** Opening DATA EXTRACT block **

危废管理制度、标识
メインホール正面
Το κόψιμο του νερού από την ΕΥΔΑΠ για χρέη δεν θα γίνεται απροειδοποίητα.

** Closing DATA EXTRACT block **

ACTIVITY: Once you have read the material above, write all of it out again exactly.

RESPONSE:
危废管理制度、标识
メインホール正面
Το κόψιμο του νερού από την ΕΥΔΑΠ για χρέη δεν θα γίνεται απροειδοποίητα.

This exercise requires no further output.